# Oklahoma Joe Highland or Longhorn



## fully81 (Mar 1, 2017)

Just wondering if anyone has bought the new Oklahoma Joe Highland or Longhorn Reverse Flow Smoker that comes with the tuning plates and charcoal basket?

http://www.hayneedle.com/product/charbroiloklahomajoeslonghornreverseflowsmoker.cfm


----------



## comer4tide (Mar 8, 2017)

Nope, got one of the old Highlands. I just use a cookie sheet over the firebox opening when burning hickory wood and it keeps the temps down to about 240-260 across the pit. Cheap fix and not perfect but it works


----------



## gr0uch0 (Mar 8, 2017)

comer4tide said:


> Nope, got one of the old Highlands. I just use a cookie sheet over the firebox opening when burning hickory wood and it keeps the temps down to about 240-260 across the pit. Cheap fix and not perfect but it works


When you say "old Highland", are you referring to pre-1998 when Davidsons were making the considerably higher quality units that held heat extremely well, vs. the post-'98 Charbroil COS?  If so, there's a huge difference in the Davidsons vs. CharBroil, and you're right:  those rigs were tanks and keeping heat was never a concern.
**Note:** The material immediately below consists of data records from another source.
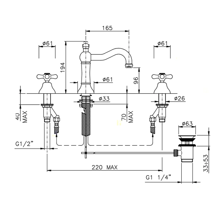 Смеситель для раковины Nicolazzi Nuova Brenta на 3 отверстия с донным клапаном в бронзе
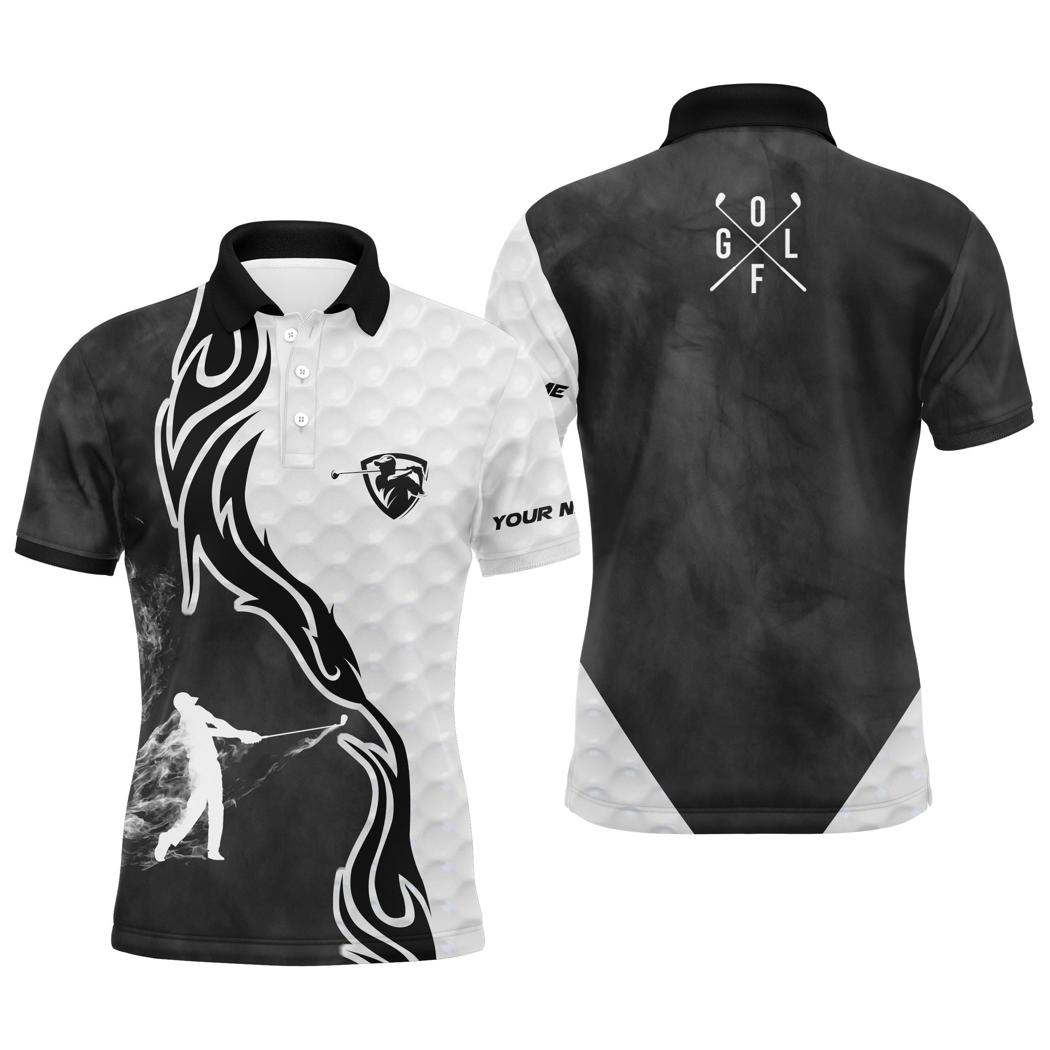 Black and white golf player long sleeve golf polo shirts for mens custom name golfer gifts NQS3670
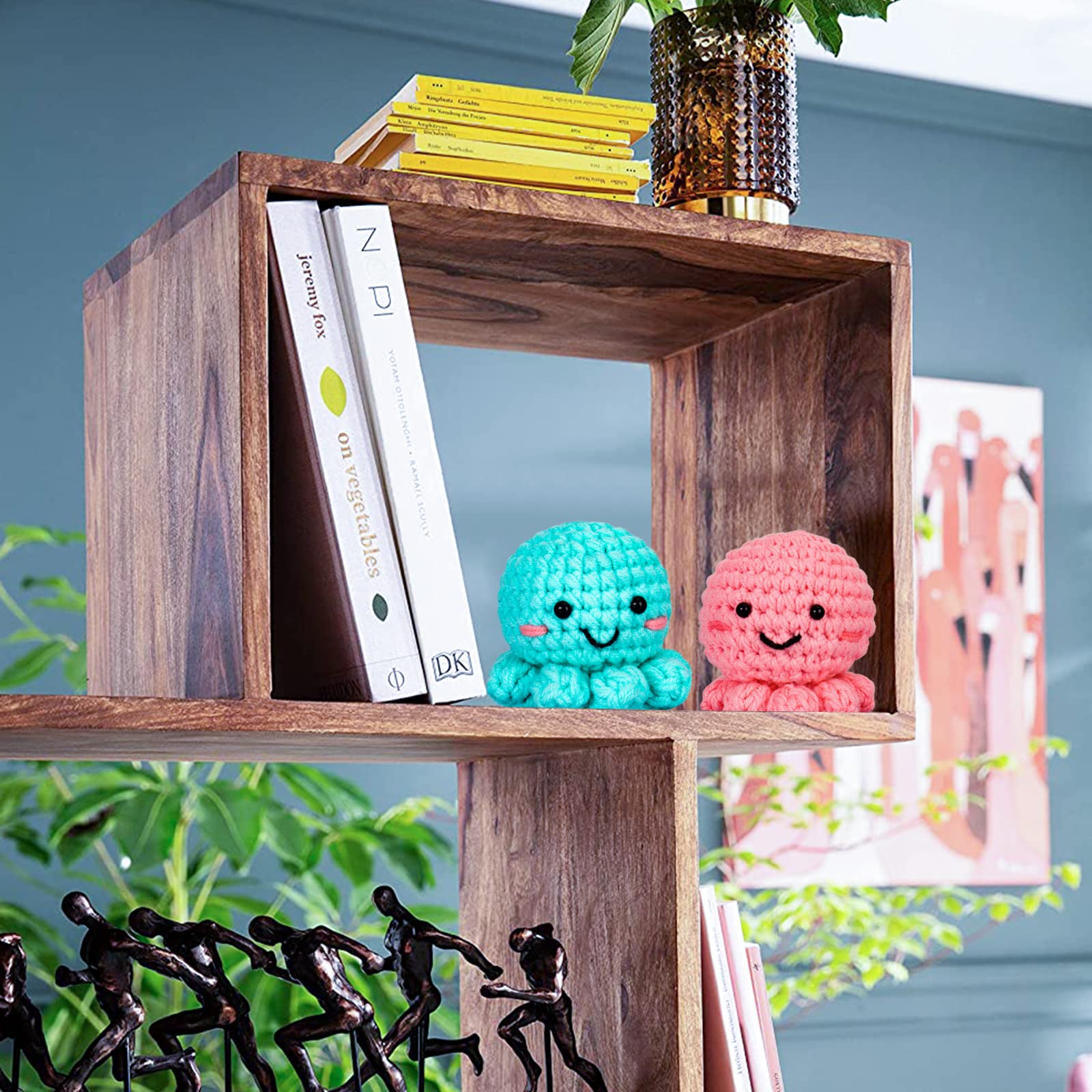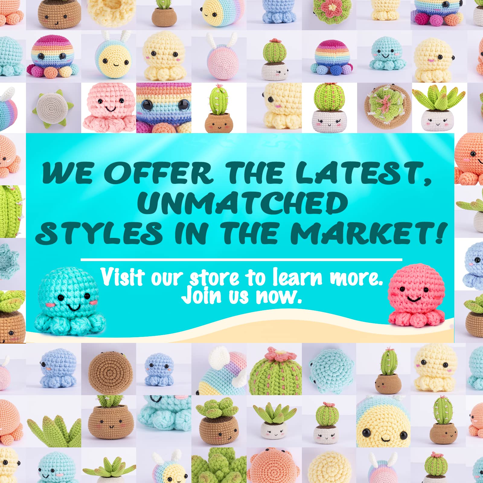 • All-In-One Crochet Kit equipped with yarn, stuffing, needle, eyes, buckles, crochet hooks, scissors, octopus pattern, beginner's manual
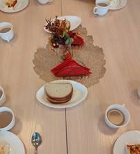 Стараемся по сезону красиво оформлять столы для ребят, демонстрируя красоту этикета, а родителей призываем обедать вместе с детьми, чтобы вырабатывать в детях хорошие привычки, показывать на собственном примере разумность и необходимость культуры еды.
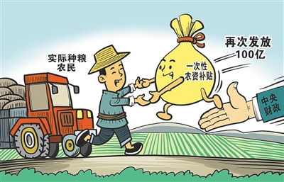 新华社北京5月22日电 (记者申铖)记者22日从财政部了解到,中央财政近日下达资金100亿元,再次向实际种粮农民发放一次性农资补贴,支持夏收和秋播生产,缓解农资价格上涨带来的种粮增支影响,进一步调动农民种粮积极性。为保护农民种粮积极性,中央财政此前已对实际种粮农民发放一次性补贴200亿元。据介绍,中央财政进一步完善补贴政策,明确补贴对象为实际承担农资价格上涨成本的实际种粮者。补贴标准由各地区结合有关情况综合确定,原则上县域内补贴标准应统一。
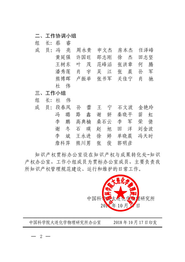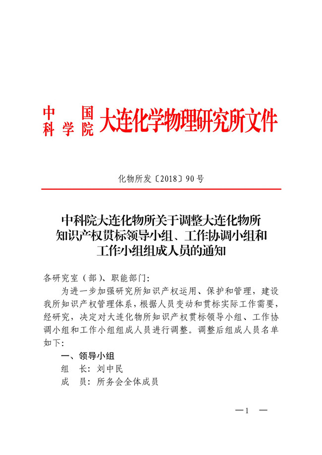 中科院大连化物所关于调整大连化物所知识产权贯标领导小组、工作协调小组和工作小组组成人员的通知
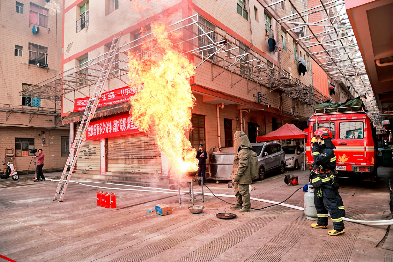 在错误示范环节,高温热油遇水后瞬间剧烈汽化,火光猛地蹿起,半米高的火柱扑面而来,现场瞬间“火光冲天”。这一幕让围观居民真切感受到“用水泼油锅灭火”的极大危险性。
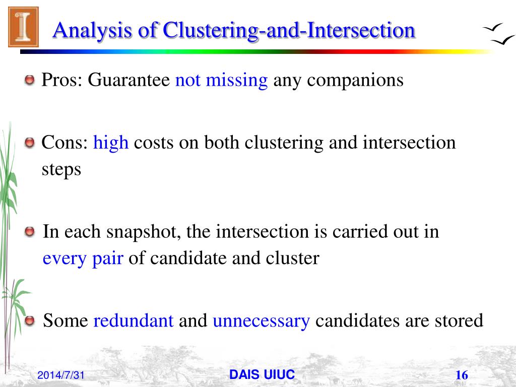 Analysis of Clustering-and-Intersection • Pros: Guarantee not missing any companions • Cons: high costs on both clustering and intersection steps • In each snapshot, the intersection is carried out in every pair of candidate and cluster • Some redundant and unnecessary candidates are stored
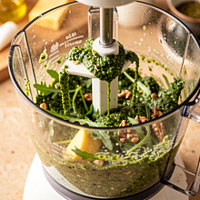 Przygotuj pesto rukolowe: do blendera lub malaksera włóż 60 g rukoli (odłóż resztę do sałatki), 60 g orzechów włoskich, 1 ząbek czosnku (ok. 5 g pozostawiony w całości) oraz starty ser żółty (ok. 50 g). Wlej 35 g oleju rzepakowego i dodaj sok z połowy cytryny (ok. 30 g). Zmiksuj pulsacyjnie, aż składniki zaczną się łączyć, następnie miksuj ciągle przez 20–30 sekund aż powstanie gęsty, ale kremowy sos. Jeśli pesto jest zbyt gęste, dodaj resztę oleju stopniowo do uzyskania pożądanej konsystencji.

The "new RF" that CharBroil is marketing is merely that:  there's no need for RF on a unit this size.  RF is a solid piece (usually quarter-inch) welded into place--it doesn't have tuning plates which can be moved around, as it defeats the entire concept of RF.  It's a gimmick that is unnecessary in this category.  There's no need for RF until you get to about a 5' CC.


----------



## comer4tide (Mar 8, 2017)

I have also found that the coal basket doesnt get my cooker hot enough. Yes they will last longer but it just doesnt get hot so the basket to me is worthless. I have never been a big fan of RF anyways, some guys swear by it tho, just not worth the extra $$$$ to me


----------



## gr0uch0 (Mar 8, 2017)

In this category, give me Old Country (who carries a lifetime warranty) or Horizon.  Companies who build rigs to last and will stand behind their products, not those with 1-2 yr. warranty and inferior materials/craftsmanship.


----------